Posts Tagged 'willbaforce'

Hitting keys with eyes closed.

It is strange how fatigued I feel when I clearly shouldn’t be. It is also shocking how half an hour’s sleep can make soo much difference.

This post is another stream of thought post, in that I haven’t started it with an agenda, more that I’ve started it with a view to writing about a couple of things. How I get them down is what’s going to make it interesting.

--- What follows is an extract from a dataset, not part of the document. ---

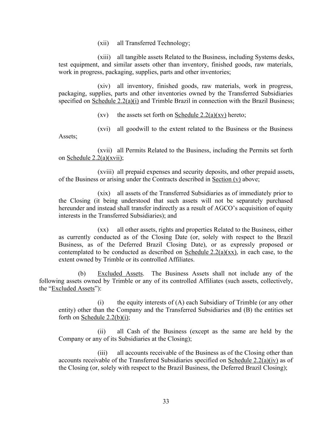 33 (xii) all Transferred Technology; (xiii) all tangible assets Related to the Business, including Systems desks, test equipment, and similar assets other than inventory, finished goods, raw materials, work in progress, packaging, supplies, parts and other inventories; (xiv) all inventory, finished goods, raw materials, work in progress, packaging, supplies, parts and other inventories owned by the Transferred Subsidiaries specified on Schedule 2.2(a)(i) and Trimble Brazil in connection with the Brazil Business; (xv) the assets set forth on Schedule 2.2(a)(xv) hereto; (xvi) all goodwill to the extent related to the Business or the Business Assets; (xvii) all Permits Related to the Business, including the Permits set forth on Schedule 2.2(a)(xvii); (xviii) all prepaid expenses and security deposits, and other prepaid assets, of the Business or arising under the Contracts described in Section (v) above; (xix) all assets of the Transferred Subsidiaries as of immediately prior to the Closing (it being understood that such assets will not be separately purchased hereunder and instead shall transfer indirectly as a result of AGCO’s acquisition of equity interests in the Transferred Subsidiaries); and (xx) all other assets, rights and properties Related to the Business, either as currently conducted as of the Closing Date (or, solely with respect to the Brazil Business, as of the Deferred Brazil Closing Date), or as expressly proposed or contemplated to be conducted as described on Schedule 2.2(a)(xx), in each case, to the extent owned by Trimble or its controlled Affiliates. (b) Excluded Assets. The Business Assets shall not include any of the following assets owned by Trimble or any of its controlled Affiliates (such assets, collectively, the “Excluded Assets”): (i) the equity interests of (A) each Subsidiary of Trimble (or any other entity) other than the Company and the Transferred Subsidiaries and (B) the entities set forth on Schedule 2.2(b)(i); (ii) all Cash of the Business (except as the same are held by the Company or any of its Subsidiaries at the Closing); (iii) all accounts receivable of the Business as of the Closing other than accounts receivable of the Transferred Subsidiaries specified on Schedule 2.2(a)(iv) as of the Closing (or, solely with respect to the Brazil Business, the Deferred Brazil Closing);

I’ve been watching the UK’s current Big Brother on a regular basis. I know, very sad / fabulous / weird / cool depending on what you like. I like it. Though it has made me muse a little. Currently, or last night specifically, there was a massive, massive bust up as a result of one house mate spilling another’s secrets to the rest of the house. It wasn’t a slip of tongue either. This girl swore that she’d keep the information secret, never tell it to anyone etc etc. In fact the guy she was talking to was refusing to tell her for that exact reason – he didn’t trust her to keep it. He should have stuck to his guns I guess.

The whole idea of telling people something you’ve been told in confidence is probably one of the cruellest things you can do to somebody. Well, cruellest things you can speak. I mean severing their right hand is probably much worse. But still, horrid.

People always say “you could have kept it to yourself!” as a justifiable reason for such infidelity. Which is just a straight up lie. People generally tell others confidential things because its literally eating them up inside. Telling someone reduces that strain – Problem shared is a problem halved and so on. But to then go on and pass the information on is just wrong. I’m not talking about “he fancies you” 10 year old type secrets. More the secrets that aren’t positive statements in any possible sense. Reusing that information can be really harsh, because that person may be venting frustration, or may even be telling you something that they actually feel, which could consequently mean that you’ve ruined any future interactions between those individuals. Allow people to seek counsel, but don’t turn it into a public debacle afterwards.

Rawr.

Moving on from that, I’m both really impressed with the current situation of the Rimmer map and completely tired of it already! I’m such a douche. I love that I’m getting responses from people, I just need to make my process for making contact and adding them a lot more efficient. Got to make it smoooooth. With the extra three os.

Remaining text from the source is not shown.